On Wed, Jul 10, 2019 at 11:45 AM Beat Buesser notifications@github.com wrote:

How did you solve it?

— You are receiving this because you were mentioned. Reply to this email directly, view it on GitHub https://github.com/IBM/adversarial-robustness-toolbox/issues/109?email_source=notifications&email_token=AJL4ET6HLCDLQAYX4MBOSADP6X7YJA5CNFSM4H65RED2YY3PNVWWK3TUL52HS4DFVREXG43VMVBW63LNMVXHJKTDN5WW2ZLOORPWSZGODZT4LSI#issuecomment-510117321, or mute the thread https://github.com/notifications/unsubscribe-auth/AJL4ETZLR7PNF76RUGBVWCLP6X7YJANCNFSM4H65REDQ .

jinglin80 commented 5 years ago

Here you goes.

The code (from attack_defense_imagenet notebook) I run: from os.path import join, abspath, expanduser

Get Imagenet labels

path = expanduser('~/git/nemesis') with open(join(path, "imagenet/labels.txt"), "r") as f_input: class_names = eval(f_input.read())

Get some data

image_file = join(path,'test_api/clean100/n04479046_2998224x224.jpg') image = image.load_img(image_file, target_size=(224, 224)) img = image.img_toarray(image) plt.imshow(img / 255) img = img[None, ...]

Predict for clean image

pred = classifier.predict(img) label = np.argmax(pred, axis=1)[0] confidence = pred[:,label][0] print('Prediction:', class_names[label], '- confidence {0:.2f}'.format(confidence))

The error message I got:

FileNotFoundError Traceback (most recent call last)

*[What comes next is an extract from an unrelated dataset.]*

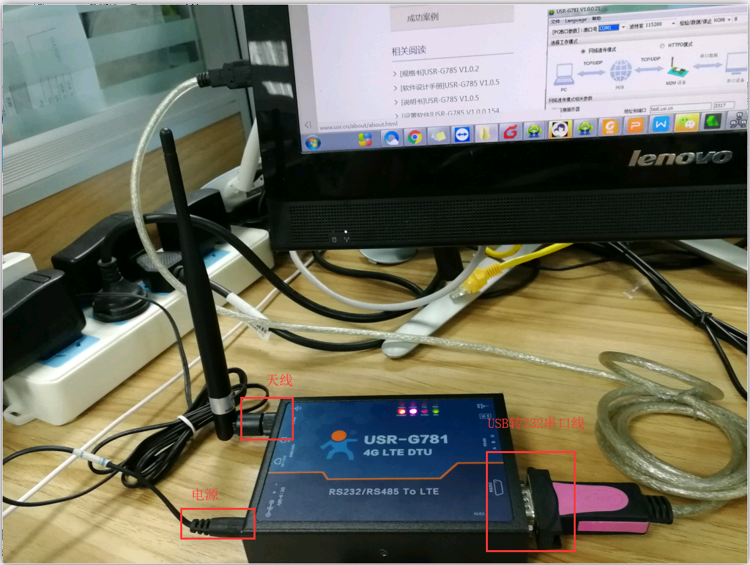 一、781串口通過USB轉232/485接到電腦端,使用12v電源適配器上電。(如不需訪問外網sim卡和天線可不裝)

in 3 # Get Imagenet labels 4 path = expanduser('~/git/nemesis') ----> 5 with open(join(path, "imagenet/labels.txt"), "r") as f_input: 6 class_names = eval(f_input.read()) 7 FileNotFoundError: [Errno 2] No such file or directory: '/Users/jinglin/git/nemesis/imagenet/labels.txt'
beat-buesser commented 5 years ago

Thank you! This is indeed an error. It looks like the file with the imagenet class names got lost.

I'll rename this issue accordingly and try to fix it soon.

beat-buesser commented 5 years ago

@jinglin80 I have fixed the notebook on branch development_issue_109. If you have time, please let me know if it works for you.